All echinoderms are marine and nearly all are benthic.[10] The oldest known
echinoderm fossil may be Arkarua from the Precambrian of Australia. It is a disclike fossil with radial ridges on the rim and a five-pointed central depression
marked with radial lines. However, no stereom or internal structure showing a
water vascular system is present and the identification is inconclusive.[11]
The first universally accepted echinoderms appear in the Lower Cambrian period,
asterozoans appeared in the Ordovician and the crinoids were a dominant group in
the Paleozoic.[10] Echinoderms left behind an extensive fossil record.[10] It is
hypothesised that the ancestor of all echinoderms was a simple, motile, bilaterally
symmetrical animal with a mouth, gut and anus. This ancestral stock adopted an
attached mode of life and suspension feeding, and developed radial symmetry as
this was more advantageous for such an existence. The larvae of all echinoderms
are even now bilaterally symmetrical and all develop radial symmetry at
metamorphosis. The starfish and crinoids still attach themselves to the seabed
while changing to their adult form.[12]
The first echinoderms later gave rise to free-moving groups. The evolution of
endoskeletal plates with stereom structure and of external ciliary grooves for
feeding were early echinoderm developments.[13] The Paleozoic echinoderms were
globular, attached to the substrate and were orientated with their oral surfaces
upwards. The fossil echinoderms had ambulacral grooves extending down the side
of the body, fringed on either side by brachioles, structures very similar to the
pinnules of a modern crinoid. It seems probable that the mouth-upward orientation
is the primitive state and that at some stage, all the classes of echinoderms except
the crinoids reversed this to become mouth-downward. Before this happened, the
podia probably had a feeding function as they do in the crinoids today. Their
locomotor function came later, after the re-orientation of the mouth when the
podia were in contact with the substrate for the first time.[14]
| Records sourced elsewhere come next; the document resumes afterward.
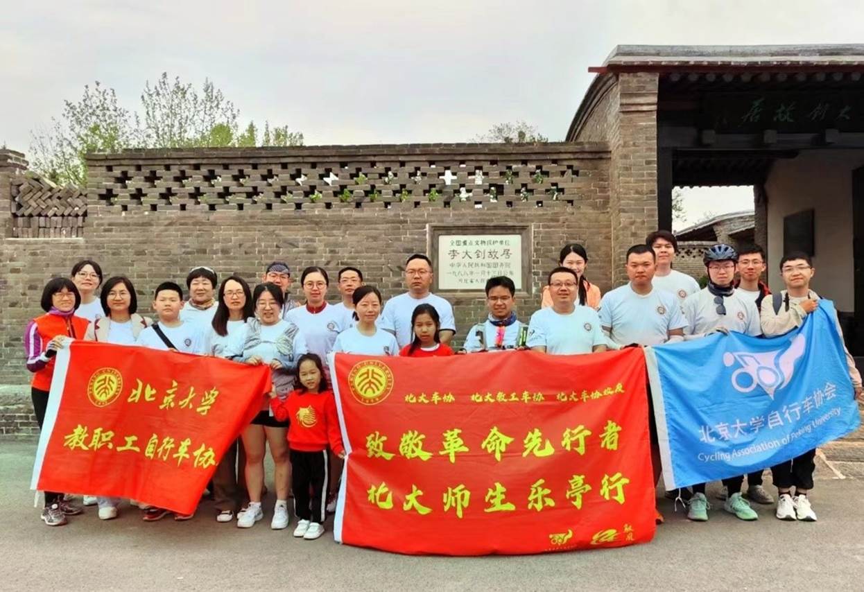 在五四运动105周年纪念日来临之际,北京大学老中青三代骑行者以“奋斗者正青春”为主题,从北京大学燕园校区出发,一路骑行至中国共产党主要创始人之一李大钊同志的故里河北省唐山市乐亭县,以此纪念李大钊同志,弘扬五四运动的爱国精神和青年的奋斗精神。教职工车协秘书长卢福泉任总策划,北大车协创始人康小明校友任团长,教工车协秦辉东任领队,教工车协奚斌任新闻组长,骑行团队由车协校友、教工车协会员、在校学生车协会员17人组成。他们经过三天约290公里的骑行,途经宝坻、唐山,最终抵达乐亭。北大骑行团队参观李大钊纪念馆,观看了由北大师生创作演出的音乐剧《大钊先生》,与来自北京大学的其他师生一同参加了在乐亭县李大钊纪念馆举办的千人朗诵活动,以此表达对革命先辈的深切缅怀和崇高敬意。北大骑行团队向乐亭县捐赠图书资料和参加签名队服仪式,在乐亭县自行车俱乐部和蓝天救援队的护送下,骑行团队往返骑行40余公里,参观了李大钊故居。对于每位成员来说,这次骑行活动不仅是一次身体上的远征,更是一次精神上的朝圣。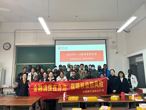 3月14日下午,国际学院邀请中国银行淮南分行和淮南市银监局的工作人员在明理北103教室举办“3·15教育宣传活动——中国银行金融知识讲座”,在校留学研究生参加了本次讲座。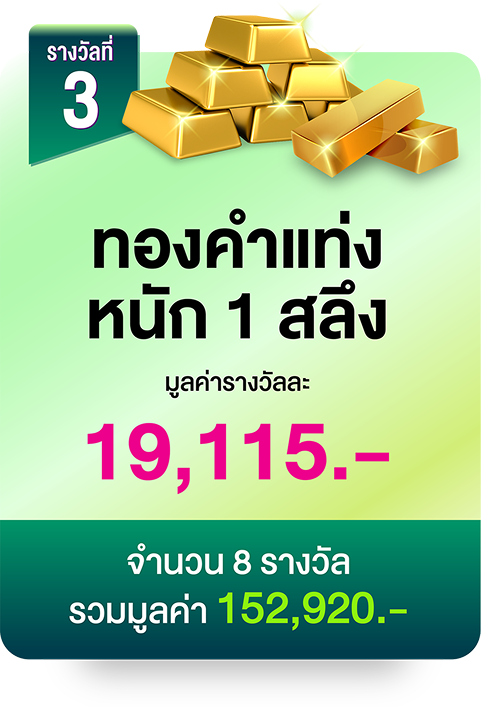 รางวัลที่ 3 : ทองคำแท่ง หนัก 1 สลึง จำนวน 8 รางวัล รางวัลละ 19,115 บาท รวมมูลค่า 152,920 บาท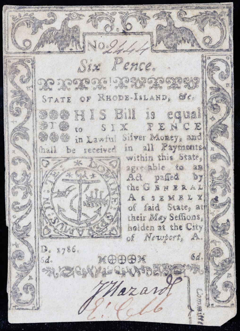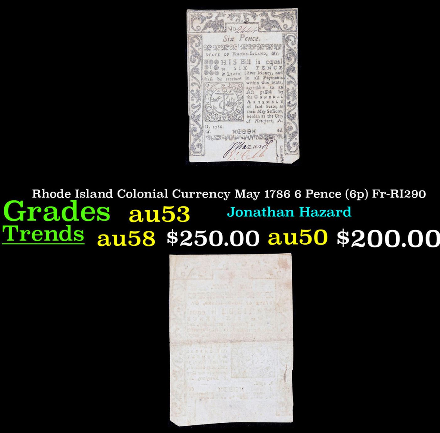 Rhode Island Colonial Currency May 1786 6 Pence (6p) Fr-RI290 Grades Select AU.

Echinoderms exhibit secondary radial symmetry in portions of their body at some
stage of life. This, however, is an adaptation to their sessile existence. They
developed from other members of the Bilateria and exhibit bilateral symmetry in
their larval stage. Many crinoids and some seastars exhibit symmetry in multiples
of the basic five, with starfish such as Labidiaster annulatus known to possess up
to fifty arms, and the sea-lily Comaster schlegelii having two hundred.[15]